=== Given information ===

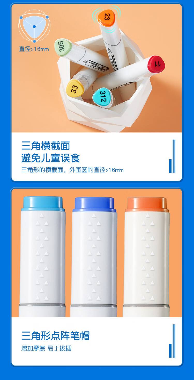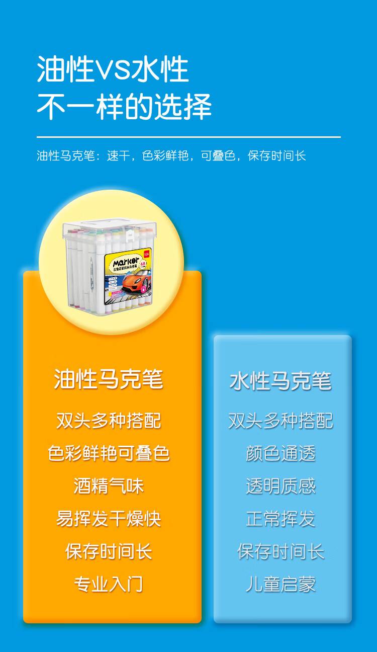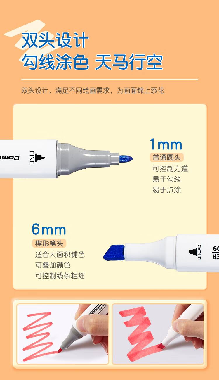 齐心(Comix)48色大三角杆双头速干油性马克笔/学生绘画水彩笔/纤
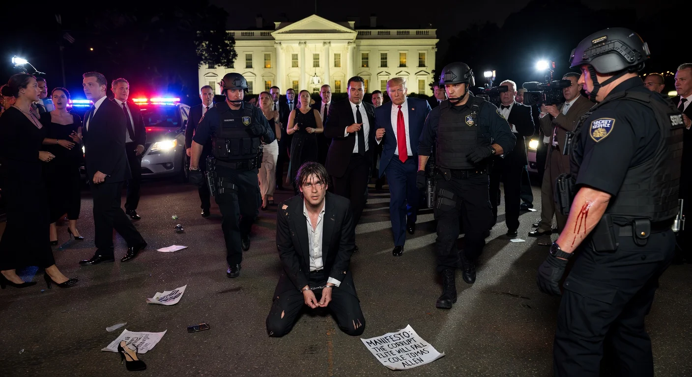 Illustration depicting the arrest of WHCD shooting suspect Cole Tomas Allen at the security checkpoint amid evacuations.
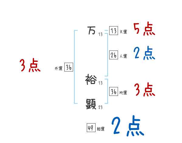 万裕顕さんの画数の鑑定結果
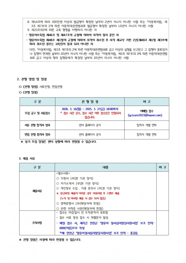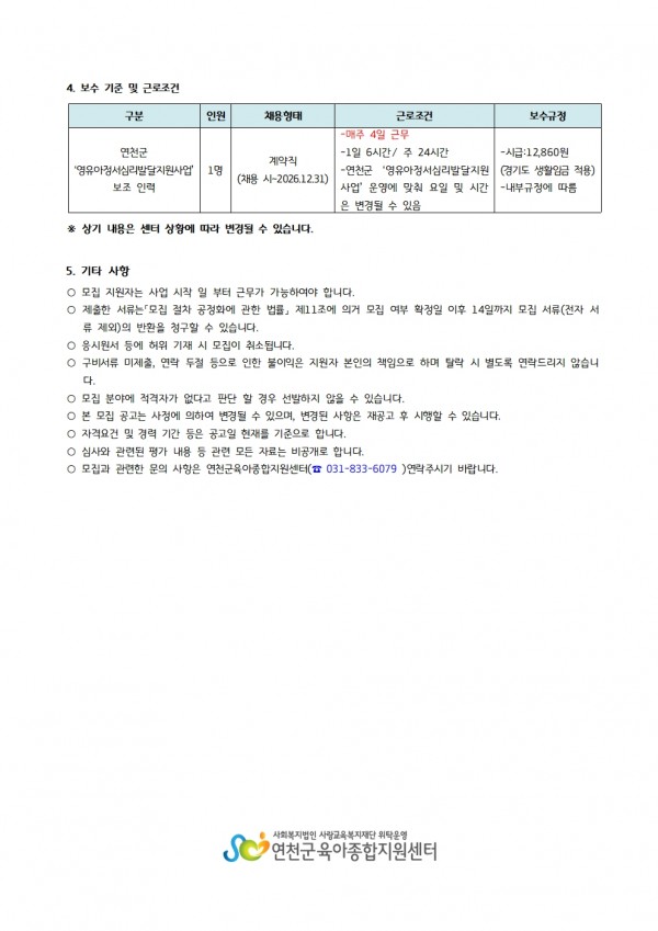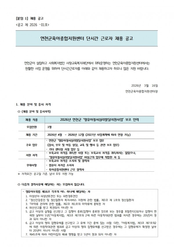 2026년 연천군육아종합지원센터 '영유아정서심리발달지원사업' 보조인력 채용 공고 > 채용/모집공고

===

--- Task item ---
Everything but the pictures is needed: copy the data above exactly.

--- Response to this exercise ---
 齐心(Comix)48色大三角杆双头速干油性马克笔/学生绘画水彩笔/纤
 Illustration depicting the arrest of WHCD shooting suspect Cole Tomas Allen at the security checkpoint amid evacuations.
 万裕顕さんの画数の鑑定結果
 2026년 연천군육아종합지원센터 '영유아정서심리발달지원사업' 보조인력 채용 공고 > 채용/모집공고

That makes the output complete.